**TASK DESCRIPTION**
Starting with the line that includes "Dünya Boks Federasyonu", write out every remaining line of the records below exactly as it appears, leaving out any images.

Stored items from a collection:
________
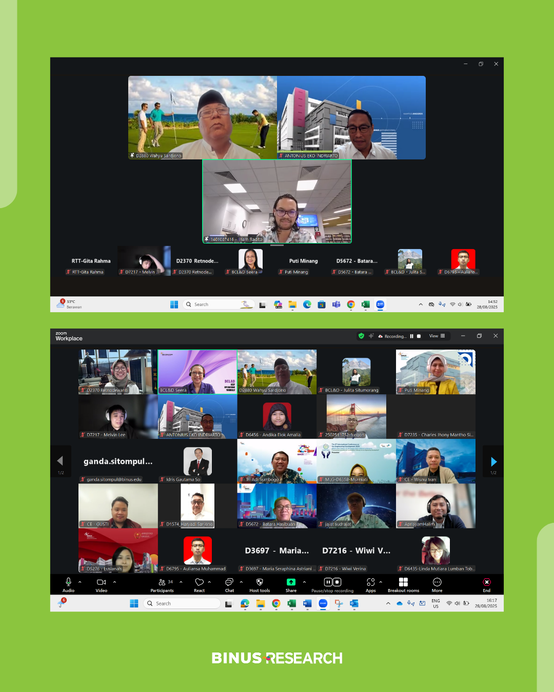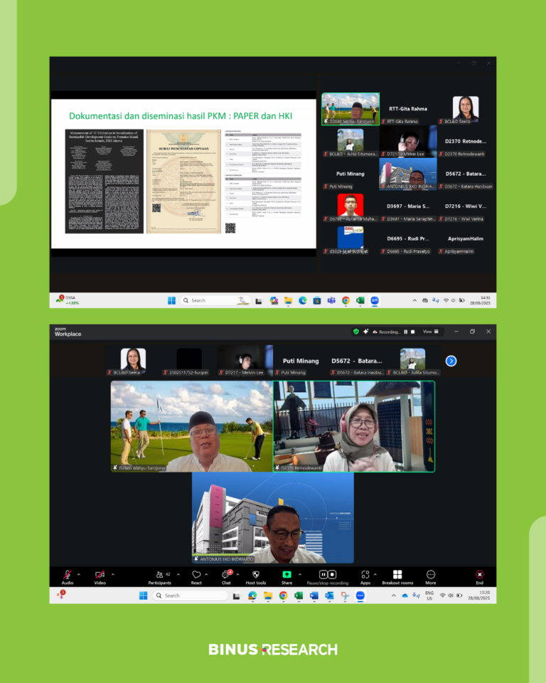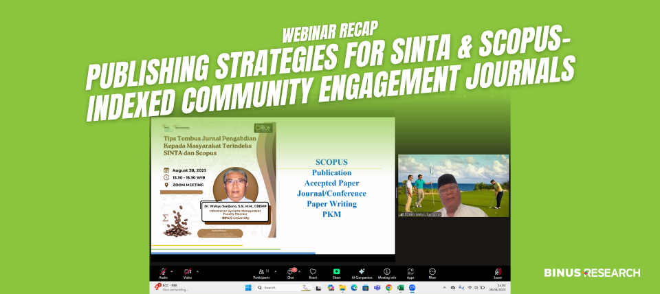BINUS RTT organized a session titled “Tips to Publish in SINTA and Scopus-Indexed Community Engagement Journals” on Thursday, 28 August 2025, conducted online via Zoom Meeting. The session featured Dr. Wahyu Sardjono, S.Si., M.M., CBDMP (Faculty Member at Master in Information Systems Management Study Program BINUS University) as the speaker and was designed to support lecturers and researchers in understanding the key characteristics and standards of community engagement journals indexed in SINTA and Scopus.
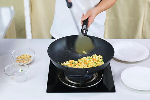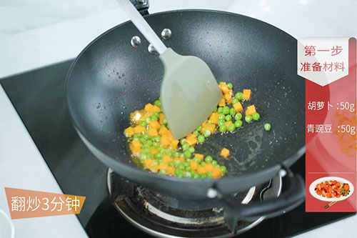 2.锅中放入适量油,松子玉米的做法 家常松子玉米怎么做油温烧至6成热,放入胡萝卜丁、豌豆粒小火翻炒3分钟;
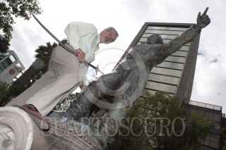 MÉXICO, D.F., 17AGOSTO2012.- El escultor Juan Carlos Canfield restaura el monumento del general republicano, de orígen tamaulipeco, Pedro José Méndez, en el paseo de la Reforma. El gobierno del Estado de Tamaulipas es el encargado de la restauración. FOTO: JUAN PABLO ZAMORA /CUARTOSCURO.COM
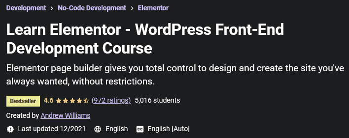 Learn Elementor – WordPress前端开发课程是Udemy Academy发布的WordPress Elementor插件培训课程。 Elementor 是 WordPress 的页面构建器插件,已发布免费版和高级版。借助此插件,用户可以在完全可视化的环境中轻松管理自己的网页并个性化网站的外观(无需编码知识)。该插件最重要的功能之一是支持拖放,为网站提供各种元素和元素,实时设计和预览,无需编码等。 WordPress 内容管理系统最重要的缺点之一是无法个性化网站的外观,Elementor 插件已在很大程度上修复了这一问题。
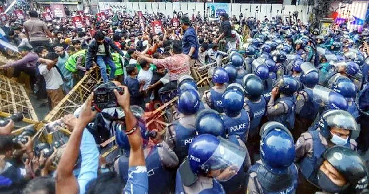 ডেস্ক:: রাজধানীতে জুলাই ঐক্যের ঘোষিত ‘মার্চ টু ইন্ডিয়ান হাইকমিশন’ কর্মসূচিতে পুলিশি বাধার ঘটনা ঘটেছে। মিছিলটি আটকে দেওয়ায় রাজধানীর ব্যস্ততম প্রগতি সরণিতে সাময়িকভাবে যান চলাচল বন্ধ হয়ে যায়।
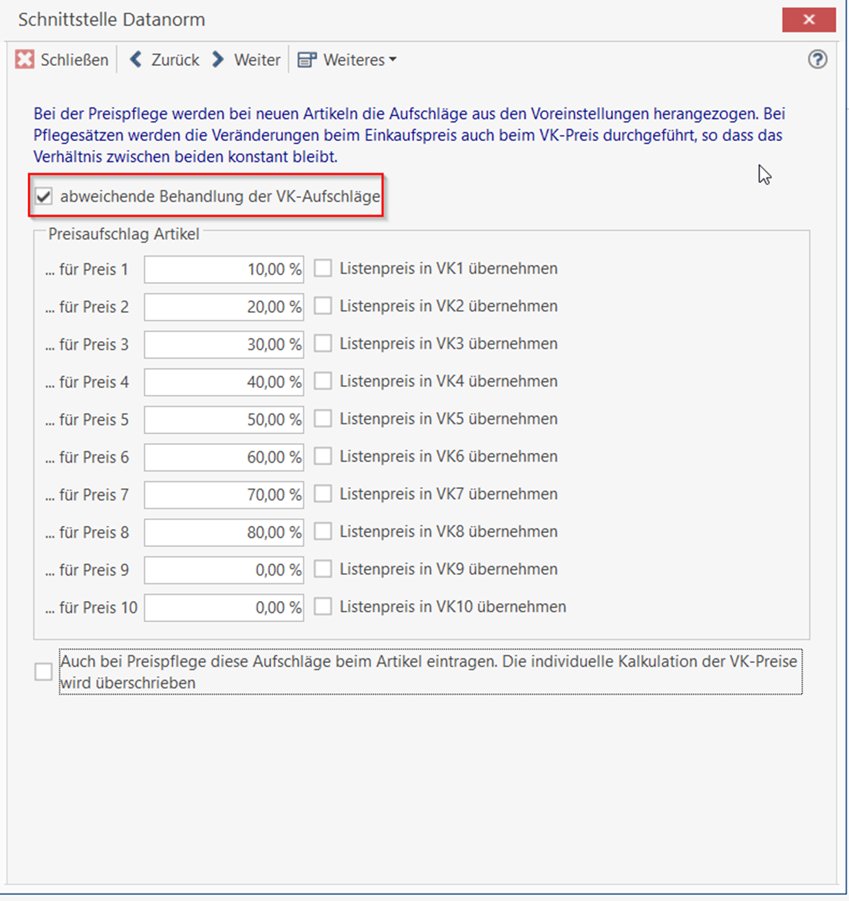 Beim Import Ihrer Datanormdaten haben Sie die Möglichkeit, nach Auswahl Ihres Lieferanten, für Ihre Verkaufspreise einen individuellen Aufschlag zu erheben.
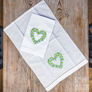 Pair of Embroidered Table Napkins | Blue Floral Heart Wreath
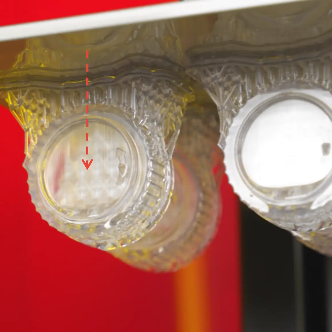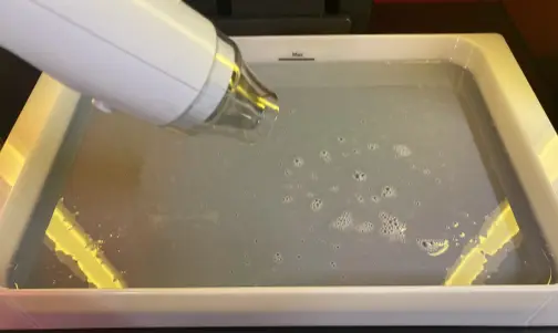 1.造形を行う前に、レジンを⼀定時間放置するかヒートガンを用いてレジンタンク内の液面に付着している気泡を取り除きます。気泡が大量に付着したまま造形を行うと透明度などの品質に大きく影響します。
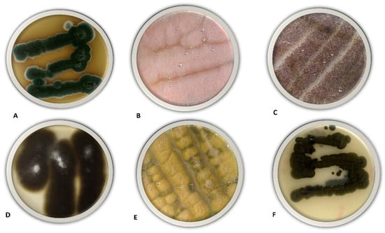 Fungal isolation was carried out by preparing a decimal dilution from the soil samples. One gram of the soil sample was suspended in 10 mL of physiological solution to make a serial dilution up to 5-fold. 1 mL of each suspension/dilution was inoculated into Petri dishes containing Dichloran Rose Bengal Chloramphenicol (DRBC) agar medium (#CM0727, Oxoid, Lenexa, KS, USA) and incubated at 25 °C for 5–10 days [,]. All obtained morphotypes were counted to detect colony forming unit (CFU; Table 2). The morphological observation for the screened fungi in the current study was performed on Potato Dextrose Agar (PDA; #1022, Condalab, Madrid, Spain) and incubated at 25 °C for 7 days [] incubated at 25 °C for fungal single colonies differentiation and then subjected to morphological and molecular identification.
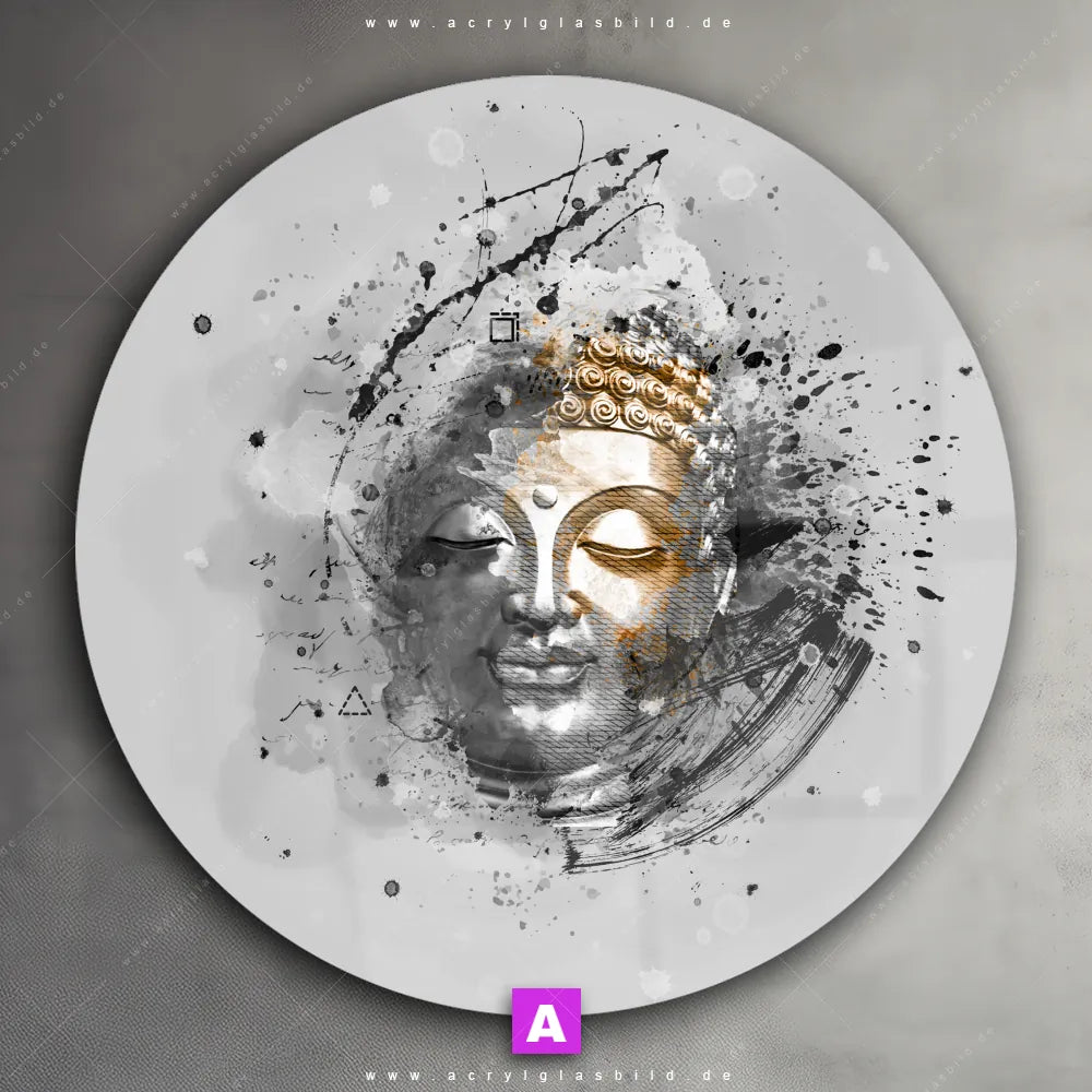 <b>Produktart:</b> Acrylglasbild | Glasbild | Wandbild aus Kunstglas | <b> Motiv:</b> Buddha - Grunge-Stil | <b> Bildausrichtung:</b> Rund | <b> Max. Motiv-Größe:</b> 240cm breit | 240cm hoch | <b> Verfügbare Formate: </b> Quadrat, Querformat, Hochformat, Panorama, Schmal, Rund | <b> Kategorie:</b> Buddha - Feng Shui | <b> Farben:</b> Silber, Gold | <b> Kunstformen:</b> Digitale Kunst | <b> Kunststile:</b> Abstrakt, Grunge, Mixed Media, Modern Art
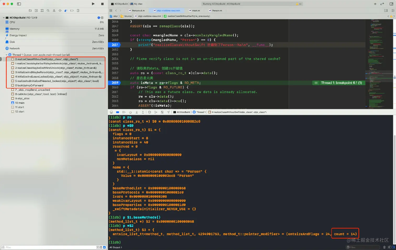 我们在之前的文章中讲了类的加载原理,但是到目前为止,类的rwe什么时候才会赋值,我们依然不得而知,但是我们能推测出应该是在methodizeClass方法中,但是我们之前调试的结果,rwe在这个方法中是nil,那么有没有其他办法能够让rwe有值呢?我们注意到methodizeClass方法的注释Attach categories是附加类别,那么类别是否会影响到rwe呢?
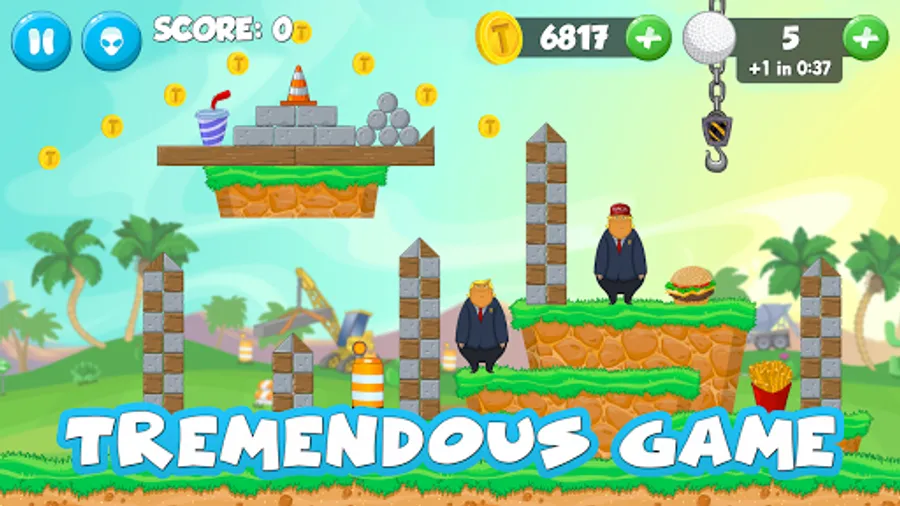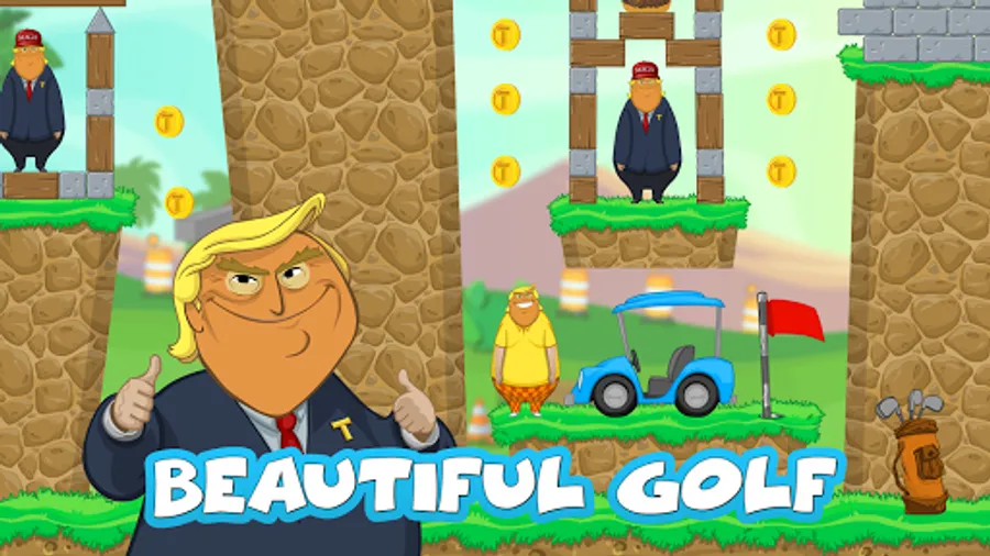 Nothing will stop Trumpy Dumpty from building his wall as he dispenses his clone henchmen to prevent you from golfing on his incredible courses.
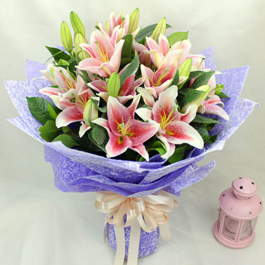 花 材:8枝粉色多头西伯香水百合,搭配绿色新鲜叶材。
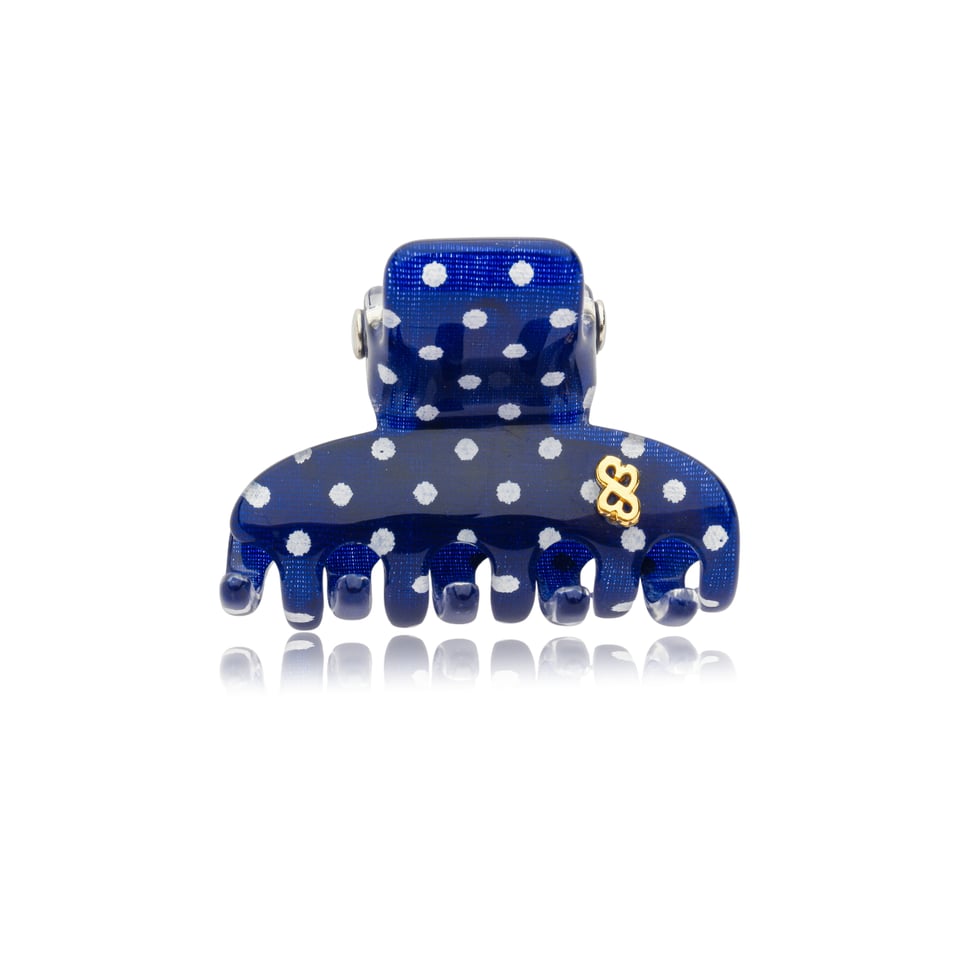 Piranha com material de acrílico de alta qualidade na cor azul com bolinha na cor branca, possui mola aço em inox com formato em B (patenteado).
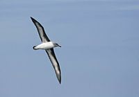 Graukopfalbatros im Flug über dem südlichen Ozean.
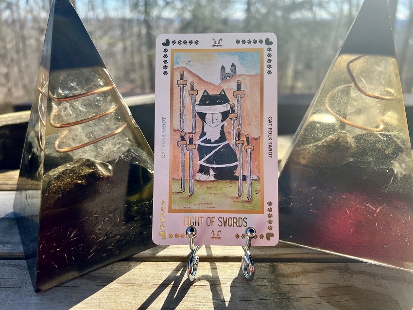 When the weight of dealing with a situation, or handling anything mentally demanding becomes overwhelming, it is often easier to ignore it. The Eight of Swords symbolizes the inclination to cover our eyes or avoid facing an unpleasant choice. The card shows a fully restrained cat, symbolizing the confinement of its thoughts. These restraints serve as a physical representation of its imprisoned mind. Despite being seemingly trapped, the bindings are easily breakable, signifying that these limitations can be effortlessly surpassed with the proper mindset. This card frequently indicates worry, brought on by the fear of making a wrong decision, upsetting someone's feelings, or taking responsibility for our actions. It also highlights the victim mentality that can exacerbate the problem. The individual feels burdened, hopeless, and powerless, often facing limitations beyond their control. However, this is only a temporary state and not a permanent circumstance. Sometimes our anxiety about making a choice is worse than the actual outcome of the situation itself. Consequently, in an attempt to evade something that will eventually need addressing, we find ourselves paralyzed instead of making an intentional decision.
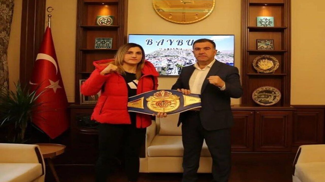 Dünya Boks Federasyonu (WBF) tarafından organize edilen Dünya Boks Şampiyonası finalinde Arjantinli rakibini yenerek Türkiye’ye ilk şampiyonluğu kazandıran Bayburtlu sporcu Elif Nur Turhan, unvanını korumak için çıkacağı şampiyonluk maçı öncesinde Antrenörü Amur Ulusal ve babası Arif Turhan ile birlikte Vali Eldivan’a ziyarette bulundular.
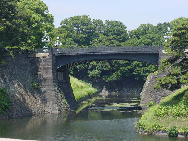 地下鉄の駅名にもなっている二重橋。正式には正門鉄橋というそうですが、正門石橋とセットにして見学したい美しい建造物です。お堀にその姿を映しているのが見応えがあって、観光客のみなさんもさかんに写真を撮っている場所です。
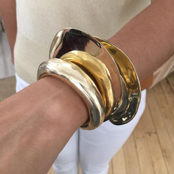 فيما يتعلق بصيحات السوار، يعد التصميم الدائري الضخم والبارز من أبرز التصاميم المسيطرة في صيحات المجوهرات هذا العام، وخاصة الذهبية والمزينة بحبات الكريستال.
________
**RESULT FOR THIS EXERCISE**
 Dünya Boks Federasyonu (WBF) tarafından organize edilen Dünya Boks Şampiyonası finalinde Arjantinli rakibini yenerek Türkiye’ye ilk şampiyonluğu kazandıran Bayburtlu sporcu Elif Nur Turhan, unvanını korumak için çıkacağı şampiyonluk maçı öncesinde Antrenörü Amur Ulusal ve babası Arif Turhan ile birlikte Vali Eldivan’a ziyarette bulundular.
 地下鉄の駅名にもなっている二重橋。正式には正門鉄橋というそうですが、正門石橋とセットにして見学したい美しい建造物です。お堀にその姿を映しているのが見応えがあって、観光客のみなさんもさかんに写真を撮っている場所です。
 فيما يتعلق بصيحات السوار، يعد التصميم الدائري الضخم والبارز من أبرز التصاميم المسيطرة في صيحات المجوهرات هذا العام، وخاصة الذهبية والمزينة بحبات الكريستال.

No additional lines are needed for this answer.